Retrouvez les estampes d’ avril 2016 « mon messager » créé en livre libre de 72 estampes représentant 365 icônes pour l’année. Chaque feuille représente un mois gravé de six estampes tirées en une impression. Il offre une compilation d’informations en tous genres selon l’humeur, les sources, les événements du moment. Al manah
Avril
Estampe 19
Friedrich Nietzsche. Le Crépuscule des idoles, Le Cas Wagner, Nietzsche contre Wagner, L’Antéchrist. Traduction par Henri Albert. Mercure de France, 1908 [septième édition] (Œuvres complètes de Frédéric Nietzsche, vol. 12, pp. 172-226).
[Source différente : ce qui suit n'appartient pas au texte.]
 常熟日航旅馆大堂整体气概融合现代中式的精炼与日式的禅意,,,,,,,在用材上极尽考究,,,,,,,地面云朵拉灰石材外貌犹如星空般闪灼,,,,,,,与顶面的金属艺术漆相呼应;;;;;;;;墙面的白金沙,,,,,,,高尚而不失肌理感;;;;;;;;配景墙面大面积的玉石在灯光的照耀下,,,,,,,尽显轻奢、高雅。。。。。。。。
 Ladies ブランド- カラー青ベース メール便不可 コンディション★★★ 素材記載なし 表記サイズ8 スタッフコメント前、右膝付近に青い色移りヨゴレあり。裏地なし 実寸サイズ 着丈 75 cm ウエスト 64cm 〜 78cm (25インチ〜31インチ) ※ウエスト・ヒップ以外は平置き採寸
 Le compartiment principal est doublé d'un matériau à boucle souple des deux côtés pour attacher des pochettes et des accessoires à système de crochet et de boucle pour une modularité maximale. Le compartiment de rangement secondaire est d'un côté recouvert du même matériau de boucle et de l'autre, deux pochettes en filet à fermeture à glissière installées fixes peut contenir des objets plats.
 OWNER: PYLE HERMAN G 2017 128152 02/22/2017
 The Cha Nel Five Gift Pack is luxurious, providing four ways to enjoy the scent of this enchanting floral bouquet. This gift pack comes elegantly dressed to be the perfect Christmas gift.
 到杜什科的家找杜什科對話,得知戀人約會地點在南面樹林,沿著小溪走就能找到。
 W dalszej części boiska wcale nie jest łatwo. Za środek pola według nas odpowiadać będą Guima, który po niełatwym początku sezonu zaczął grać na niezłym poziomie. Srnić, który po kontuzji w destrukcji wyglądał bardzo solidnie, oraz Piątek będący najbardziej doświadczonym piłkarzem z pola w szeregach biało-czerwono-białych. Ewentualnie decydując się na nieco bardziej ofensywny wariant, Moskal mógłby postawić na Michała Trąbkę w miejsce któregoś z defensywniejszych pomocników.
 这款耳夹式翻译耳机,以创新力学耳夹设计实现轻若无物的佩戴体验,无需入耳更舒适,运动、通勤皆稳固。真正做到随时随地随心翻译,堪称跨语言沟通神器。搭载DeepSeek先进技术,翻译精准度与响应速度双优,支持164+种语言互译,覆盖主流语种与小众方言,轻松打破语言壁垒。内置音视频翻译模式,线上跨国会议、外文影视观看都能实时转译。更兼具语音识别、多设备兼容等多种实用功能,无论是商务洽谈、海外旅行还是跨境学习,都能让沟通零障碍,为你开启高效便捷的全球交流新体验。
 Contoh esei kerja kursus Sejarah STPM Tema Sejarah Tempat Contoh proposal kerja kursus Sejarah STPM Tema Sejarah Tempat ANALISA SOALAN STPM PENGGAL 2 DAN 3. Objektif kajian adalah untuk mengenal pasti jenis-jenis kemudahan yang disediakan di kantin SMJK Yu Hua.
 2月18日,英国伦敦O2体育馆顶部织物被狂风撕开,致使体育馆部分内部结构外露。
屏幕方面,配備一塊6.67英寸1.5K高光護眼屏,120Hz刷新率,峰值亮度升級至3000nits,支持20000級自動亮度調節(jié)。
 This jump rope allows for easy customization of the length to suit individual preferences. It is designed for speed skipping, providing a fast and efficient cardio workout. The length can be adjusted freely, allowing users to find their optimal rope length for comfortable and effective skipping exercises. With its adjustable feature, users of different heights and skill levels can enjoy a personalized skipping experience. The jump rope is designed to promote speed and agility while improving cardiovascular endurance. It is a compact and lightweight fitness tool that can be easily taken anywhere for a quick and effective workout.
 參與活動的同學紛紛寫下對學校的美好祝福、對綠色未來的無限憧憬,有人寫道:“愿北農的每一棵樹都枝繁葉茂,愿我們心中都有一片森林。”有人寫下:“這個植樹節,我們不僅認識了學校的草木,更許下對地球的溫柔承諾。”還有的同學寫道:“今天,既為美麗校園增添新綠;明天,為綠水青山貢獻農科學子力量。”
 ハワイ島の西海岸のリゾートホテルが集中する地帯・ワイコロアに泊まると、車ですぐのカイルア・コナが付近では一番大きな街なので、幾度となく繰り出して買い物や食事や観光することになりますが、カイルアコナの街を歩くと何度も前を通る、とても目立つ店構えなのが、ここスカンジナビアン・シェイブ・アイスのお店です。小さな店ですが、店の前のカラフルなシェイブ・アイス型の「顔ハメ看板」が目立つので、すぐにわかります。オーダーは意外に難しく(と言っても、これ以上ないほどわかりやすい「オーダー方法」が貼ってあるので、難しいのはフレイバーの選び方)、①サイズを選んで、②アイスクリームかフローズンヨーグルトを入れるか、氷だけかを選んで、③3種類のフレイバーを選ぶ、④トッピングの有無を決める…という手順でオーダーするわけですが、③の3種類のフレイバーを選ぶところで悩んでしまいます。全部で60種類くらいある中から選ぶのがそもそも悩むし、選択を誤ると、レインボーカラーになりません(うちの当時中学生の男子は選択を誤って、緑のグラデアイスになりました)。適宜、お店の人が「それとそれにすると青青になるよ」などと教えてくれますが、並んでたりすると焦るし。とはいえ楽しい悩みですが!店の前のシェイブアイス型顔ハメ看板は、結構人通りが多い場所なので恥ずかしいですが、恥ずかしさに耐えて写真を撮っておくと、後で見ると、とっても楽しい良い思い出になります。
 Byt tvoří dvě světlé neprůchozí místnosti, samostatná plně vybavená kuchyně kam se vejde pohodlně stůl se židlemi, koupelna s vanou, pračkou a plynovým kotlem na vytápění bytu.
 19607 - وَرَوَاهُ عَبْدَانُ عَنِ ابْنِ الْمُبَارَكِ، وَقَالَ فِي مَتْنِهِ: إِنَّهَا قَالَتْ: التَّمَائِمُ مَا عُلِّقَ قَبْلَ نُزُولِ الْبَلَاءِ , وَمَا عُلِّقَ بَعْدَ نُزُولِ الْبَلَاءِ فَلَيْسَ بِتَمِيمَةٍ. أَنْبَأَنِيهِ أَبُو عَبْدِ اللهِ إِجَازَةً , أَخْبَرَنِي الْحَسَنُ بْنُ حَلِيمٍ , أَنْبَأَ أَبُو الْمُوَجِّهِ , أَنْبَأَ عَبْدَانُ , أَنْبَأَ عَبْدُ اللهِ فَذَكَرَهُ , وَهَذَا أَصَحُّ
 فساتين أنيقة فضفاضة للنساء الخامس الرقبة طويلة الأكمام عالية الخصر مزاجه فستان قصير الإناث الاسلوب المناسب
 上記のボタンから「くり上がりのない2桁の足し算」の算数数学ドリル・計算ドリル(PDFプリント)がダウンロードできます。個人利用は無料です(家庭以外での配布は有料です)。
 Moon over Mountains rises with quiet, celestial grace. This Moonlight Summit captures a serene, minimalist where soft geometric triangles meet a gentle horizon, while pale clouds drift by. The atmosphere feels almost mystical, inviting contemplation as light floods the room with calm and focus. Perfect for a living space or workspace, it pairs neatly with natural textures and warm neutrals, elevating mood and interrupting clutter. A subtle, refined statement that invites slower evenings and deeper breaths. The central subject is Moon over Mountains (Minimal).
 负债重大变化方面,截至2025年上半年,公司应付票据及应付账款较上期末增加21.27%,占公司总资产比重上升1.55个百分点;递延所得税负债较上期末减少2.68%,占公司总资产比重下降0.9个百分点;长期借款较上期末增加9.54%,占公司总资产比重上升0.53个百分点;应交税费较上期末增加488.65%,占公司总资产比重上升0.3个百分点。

Pour qu’il y ait de l’art, pour qu’il y ait une action ou une contemplation esthétique quelconque, une condition physiologique préliminaire est indispensable : l’ivresse. Il faut d’abord que l’ivresse ait haussé l’irritabilité de toute la machine : autrement l’art est impossible. Toutes les espèces d’ivresses, fussent- elles conditionnées le plus diversement possible, ont puissance d’art : avant tout l’ivresse de l’excitation sexuelle, cette forme de l’ivresse la plus ancienne et la plus primitive. De même l’ivresse qui accompagne tous les grands désirs, toutes les grandes émotions ; l’ivresse de la fête, de la lutte, de l’acte de bravoure, de la victoire, de tous les mouvements extrêmes ; l’ivresse de la cruauté ; l’ivresse de la destruction ; l’ivresse sous certaines influences météorologiques, par exemple l’ivresse du printemps, ou bien sous l’influence des narcotiques ; enfin l’ivresse de la volonté, l’ivresse d’une volonté accumulée et dilatée.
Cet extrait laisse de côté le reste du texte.